860F.01/7–445: Telegram

The Chargé in Czechoslovakia (Klieforth) to the Secretary of State

58. Received today note dated July 3 signed Clementis Acting Minister for Foreign Affairs.

“Referring to my note of 21st June (full text cabled Dept as 37, July [June] 2437) I have pleasure in informing you that during the negotiations of the Czechoslovak Governmental delegation in Moscow from the 22nd to 30th of June 1945 among other points the question of the sojourn of the Russian troops on the territory of the Czechoslovak Republic was discussed. It has been brought to the knowledge of [Page 469] the Czechoslovak Government by the Soviet authorities that approximately on July 5 the major part of the Soviet forces will leave the territory of the Czechoslovak Republic and as long as they remain for the time being in this country will be stationed exclusively near the Czechoslovak German frontier. In the aforesaid note I had the occasion to point out the difficulties which Czechoslovak Government in their effort for the economic and financial reconstruction are facing and which arise for the Czechoslovak administration out of the fact that the Czechoslovak territory has been and is still divided into two zones in the way of administration supply of provisions and economics. I am therefore again expressing the hope that the Government of the United States of America will as at all times hitherto find full understanding for the difficulties which the liberated states are forced to cope with and to hand over the territory until now occupied by American forces entirely into the hands of Czechoslovak Public bodies.”38

Klieforth
  1. See footnote 22, p. 460.
  2. Telegram 56, July 3 from Prague, reported on a radio speech made by Prime Minister Fierlinger in Prague regarding the outcome of the Soviet-Czechoslovak negotiations in Moscow.

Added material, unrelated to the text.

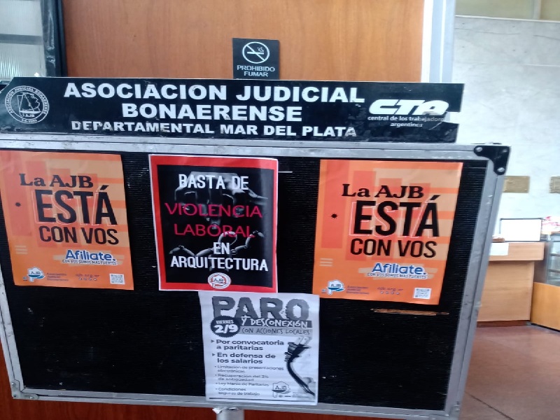 Concluyendo el mes de agosto, y en virtud de los sucesivos reclamos realizados por la AJB sobre la necesidad de actualización de los salarios de las y los judiciales, en concordancia con los mandatos mayoritarios de las asambleas, y por decisión unánime de la conducción provincial y las y los 20 secretarios generales, se convoca a un paro de actividades, con desconexión y acciones locales en las departamentales de la provincia para el próximo viernes 2 de septiembre.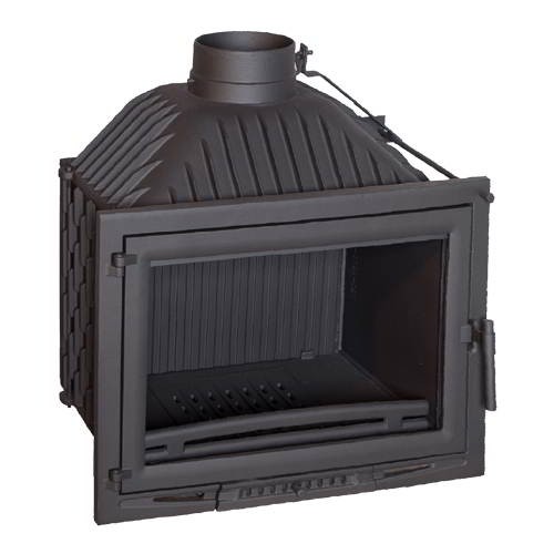 Каминная топка Nordflam Rodano изготовлена из чугуна. Отбойник (верхний зуб или дефлектор) выполнен из вермикулита, что позволяет, увеличить температуру внутри топочной камеры, тем самым способствуя более полному сгоранию дров, увеличению КПД, и, что самое важное, лучшему выгоранию сажи со стекла. Также дефлектор продлевает путь дымовых газов, увеличивая теплоотдачу от камина в помещение.

In the course of his broadcast, Prime Minister Fierlinger announced that the remaining Soviet military forces would be concentrated in the frontier region adjoining the German borders and the demarcation line separating the United States zone in Germany and Czechoslovak territory. No Soviet garrison would be maintained in the interior except at certain railroad junctions. The Prime Minister stated that it logically followed that the United States forces would withdraw from Czechoslovak territory (860F.014/7–345). For text of Prime Minister Fierlinger’s broadcast, ‘see Louise W. Holborn (ed.), War and Peace Aims of the United Nations: From Casablanca to Tokio Bay, January 1, 1943–September 1, 1945 (Boston, World Peace Foundation, 1948), p. 1043.